Jaeger Query API for Automation

# Find traces with errors
curl "http://localhost:16686/api/traces?service=order-service&tags=%7B%22error%22%3A%22true%22%7D&limit=20"

# Get trace by ID
curl "http://localhost:16686/api/traces/abcdef1234567890"

# List all services
curl "http://localhost:16686/api/services"

# Search slow traces (>1 second)
curl "http://localhost:16686/api/traces?service=order-service&minDuration=1000ms&limit=50"

Grafana Integration

Add Jaeger as a Grafana data source:

# grafana/provisioning/datasources/jaeger.yml
apiVersion: 1

datasources:
  - name: Jaeger
    type: jaeger
    access: proxy
    url: http://jaeger-query:16686
    jsonData:
      tracesToLogs:
        datasourceUid: loki
        filterByTraceID: true
        mapTagNamesEnabled: true
        mappedTags:
          - key: service.name
            value: service
      nodeGraph:
        enabled: true

In Grafana dashboards, add a trace panel:

Panel Type: Traces
Data Source: Jaeger
Query: { service="order-service" }

Trace Sampling Configuration

For high-traffic production services, sample selectively:

from opentelemetry.sdk.trace.sampling import (
    TraceIdRatioBased,
    ParentBased,
    ALWAYS_ON,
    ALWAYS_OFF,
)

# Sample 10% of traces in production
sampler = ParentBased(
    root=TraceIdRatioBased(0.1),
    remote_parent_sampled=ALWAYS_ON,    # Always sample if parent was sampled
    remote_parent_not_sampled=ALWAYS_OFF,
)

provider = TracerProvider(resource=resource, sampler=sampler)

Trace Retention and Index Lifecycle Management

Jaeger with Elasticsearch accumulates data quickly. A busy service generating 1,000 traces per minute fills tens of gigabytes per day. Configure an ILM policy in Elasticsearch to roll over and delete old trace indices automatically:

# Create ILM policy for Jaeger span indices
curl -X PUT "http://localhost:9200/_ilm/policy/jaeger-span-policy" \
  -H 'Content-Type: application/json' \
  -d '{
    "policy": {
      "phases": {
        "hot": {
          "actions": {
            "rollover": {
              "max_age": "1d",
              "max_size": "10gb"
            }
          }
        },
        "warm": {
          "min_age": "3d",
          "actions": {
            "shrink": { "number_of_shards": 1 },
            "forcemerge": { "max_num_segments": 1 }
          }
        },
        "delete": {
          "min_age": "14d",
          "actions": {
            "delete": {}
          }
        }
      }
    }
  }'

This keeps 14 days of traces and aggressively merges warm shards after 3 days to reduce heap pressure. Adjust min_age under delete based on your incident response SLA — most teams find 7-30 days sufficient.

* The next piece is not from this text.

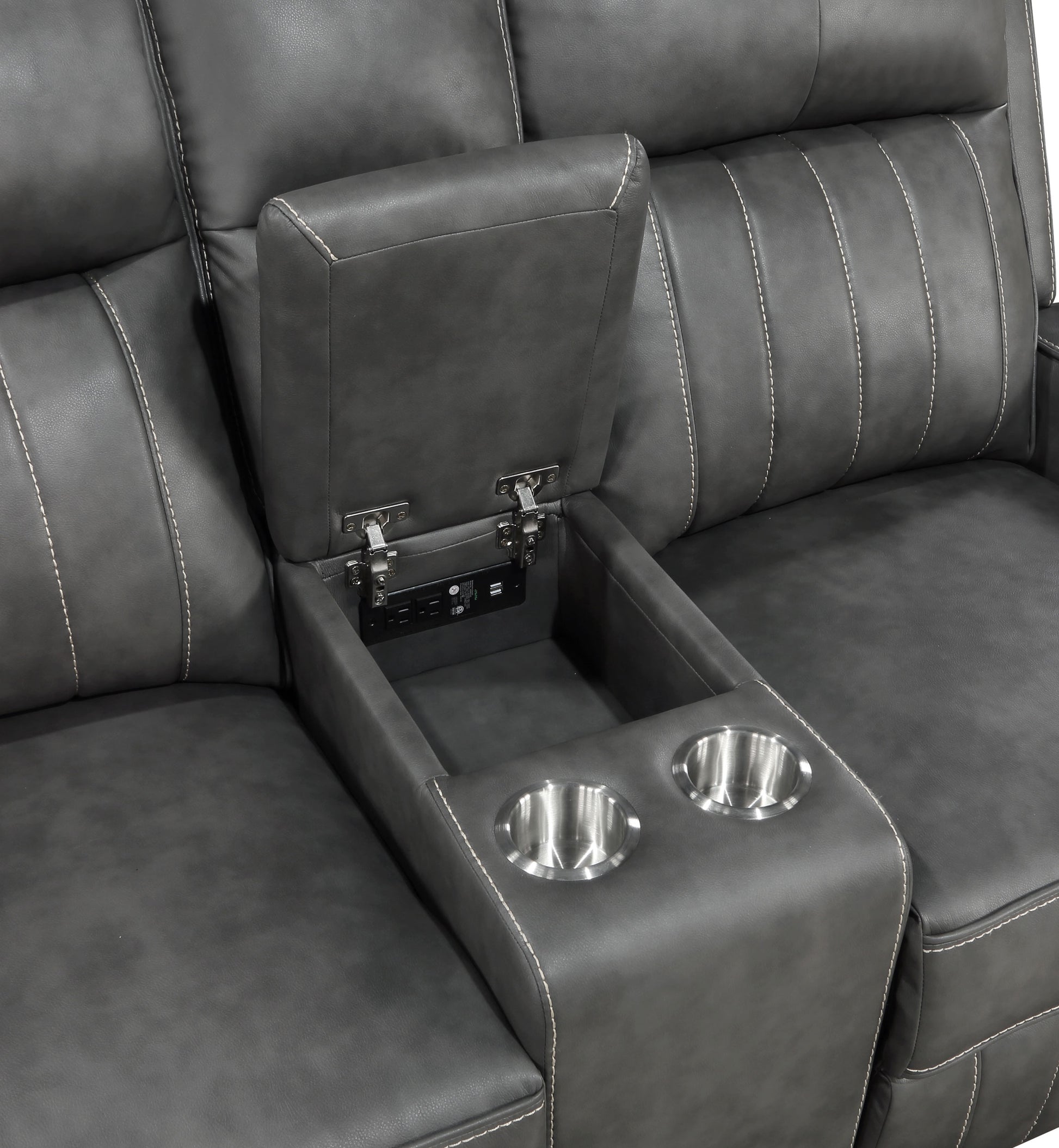 • A loveseat storage console flips open to reveal storage space for remotes and accessories

Jaeger also ships a jaeger-es-index-cleaner utility for simpler retention without ILM:

# Delete indices older than 14 days
docker run --rm \
  -e ROLLOVER=true \
  jaegertracing/jaeger-es-index-cleaner:1.55 \
  14 http://elasticsearch:9200

Schedule this as a cron job or a daily Docker Compose service to keep storage bounded without configuring full ILM.

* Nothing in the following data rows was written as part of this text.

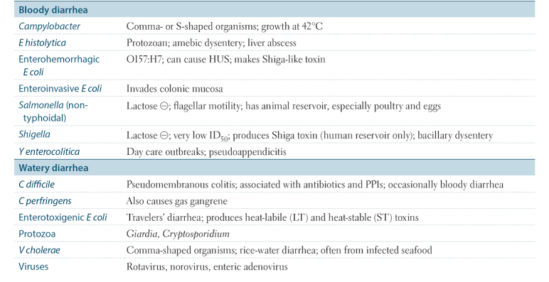 Organisms causing diarrhea
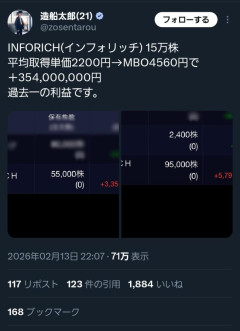 【悲報】有名若手投資家さん、株で3億円の儲け→インサイダー疑惑が浮上してしまう……
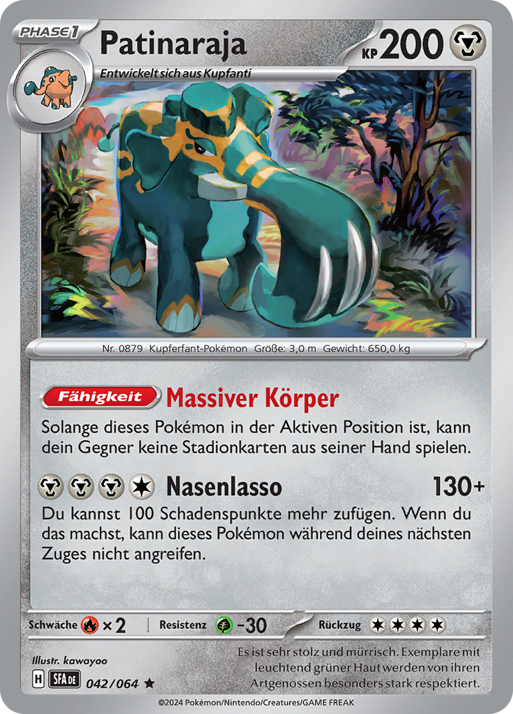 | Alle Karten | Sehen Sie alle Patinaraja-Pokémonkarten in einer Übersicht. |

Adding Context Propagation Across Queues

Auto-instrumentation handles HTTP calls automatically, but message queues require explicit context propagation. Here is a pattern for RabbitMQ using the W3C TraceContext format:

# Producer: inject trace context into message headers
from opentelemetry import trace, propagate
from opentelemetry.trace.propagation.tracecontext import TraceContextTextMapPropagator

def publish_order_event(channel, order_id: str, payload: dict):
    tracer = trace.get_tracer(__name__)

    with tracer.start_as_current_span("publish-order-event") as span:
        span.set_attribute("messaging.system", "rabbitmq")
        span.set_attribute("messaging.destination", "orders")
        span.set_attribute("order.id", order_id)

        headers = {}
        propagate.inject(headers)  # Injects traceparent + tracestate

        channel.basic_publish(
            exchange="orders",
            routing_key="order.created",
            body=json.dumps(payload),
            properties=pika.BasicProperties(headers=headers)
        )

# Consumer: extract trace context from message headers
def process_message(channel, method, properties, body):
    tracer = trace.get_tracer(__name__)
    ctx = propagate.extract(properties.headers or {})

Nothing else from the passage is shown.